Data extracted from a collection
■ ■ ■ ■
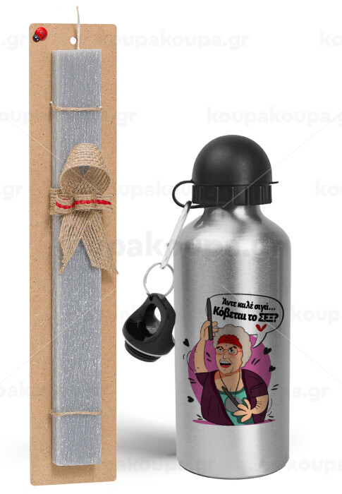 Αντε καλέ, σιγά, κόβεται το σέξ ;, Easter Set, metallic silver aluminum water bottle (500ml) & aromatic flat Easter candle (30cm) (GRAY)
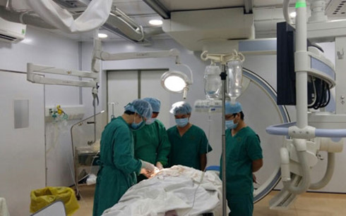 Ngày 3/3, ê-kíp các bác sĩ của khoa Hồi sức Tim Mạch cùng với sự hổ trợ của chuyên gia đã tiến hành cấy máy tạo nhịp tim vĩnh viễn cho bệnh nhân tại phòng thông tim, dưới sự hỗ trợ của máy DSA. Trong vòng 60 phút, cuộc phẫu thuật diễn ra thành công. Hiện tại bệnh nhân đã ổn định sức khỏe và sẽ được xuất viện trong vài ngày tới.
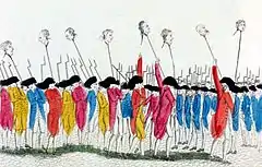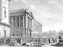 Бюсты Неккера несли по всему городу. Шествие двигалось по улицам Сен-Мартен, Сен-Дени и Сен-Оноре, и с каждым шагом толпа все увеличивалась. Таким образом, шествие дошло до Вандомской площади, и там толпа обнесла бюсты вокруг статуи Людовика XIV. Сюда явился отряд драгун немецкого полка; он пытался разогнать шествие, но был быстро обращен в бегство градом камней[10]; толпа продолжила свой путь и дошла до площади Людовика XV; здесь на неё напали драгуны принца Ламбеска; толпа рассеялась, часть побежала к набережной, а другая устремилась в Тюильри через ближайший мост. Ламбеск, во главе своих солдат, с саблей наголо, преследовал бегущих в самом саду; он бросился на безоружную толпу, совершенно не участвовавшую в шествии и случайно мирно гулявшую по саду. Крики «К оружию!» вскоре начали раздаваться повсюду — в Тюильри, в Пале-Рояле, в городе и в предместьях[11].
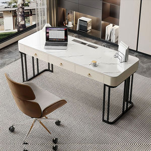 【单桌无排插+三抽柜】雪山白*白柜*金架
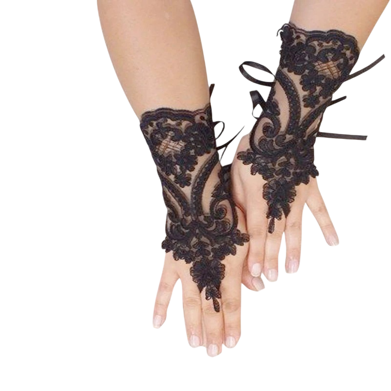 Gants en dentelle sans doigts pour femmes respirants 22×12 cm polyester noirs élégants gants pour occasions sociales et festives
■ ■ ■ ■
- **Task objective**: For the entries above, return an exact copy that omits the images.

- **Answer to the problem**:
 Αντε καλέ, σιγά, κόβεται το σέξ ;, Easter Set, metallic silver aluminum water bottle (500ml) & aromatic flat Easter candle (30cm) (GRAY)
 Ngày 3/3, ê-kíp các bác sĩ của khoa Hồi sức Tim Mạch cùng với sự hổ trợ của chuyên gia đã tiến hành cấy máy tạo nhịp tim vĩnh viễn cho bệnh nhân tại phòng thông tim, dưới sự hỗ trợ của máy DSA. Trong vòng 60 phút, cuộc phẫu thuật diễn ra thành công. Hiện tại bệnh nhân đã ổn định sức khỏe và sẽ được xuất viện trong vài ngày tới.
 Бюсты Неккера несли по всему городу. Шествие двигалось по улицам Сен-Мартен, Сен-Дени и Сен-Оноре, и с каждым шагом толпа все увеличивалась. Таким образом, шествие дошло до Вандомской площади, и там толпа обнесла бюсты вокруг статуи Людовика XIV. Сюда явился отряд драгун немецкого полка; он пытался разогнать шествие, но был быстро обращен в бегство градом камней[10]; толпа продолжила свой путь и дошла до площади Людовика XV; здесь на неё напали драгуны принца Ламбеска; толпа рассеялась, часть побежала к набережной, а другая устремилась в Тюильри через ближайший мост. Ламбеск, во главе своих солдат, с саблей наголо, преследовал бегущих в самом саду; он бросился на безоружную толпу, совершенно не участвовавшую в шествии и случайно мирно гулявшую по саду. Крики «К оружию!» вскоре начали раздаваться повсюду — в Тюильри, в Пале-Рояле, в городе и в предместьях[11].
 【单桌无排插+三抽柜】雪山白*白柜*金架
 Gants en dentelle sans doigts pour femmes respirants 22×12 cm polyester noirs élégants gants pour occasions sociales et festives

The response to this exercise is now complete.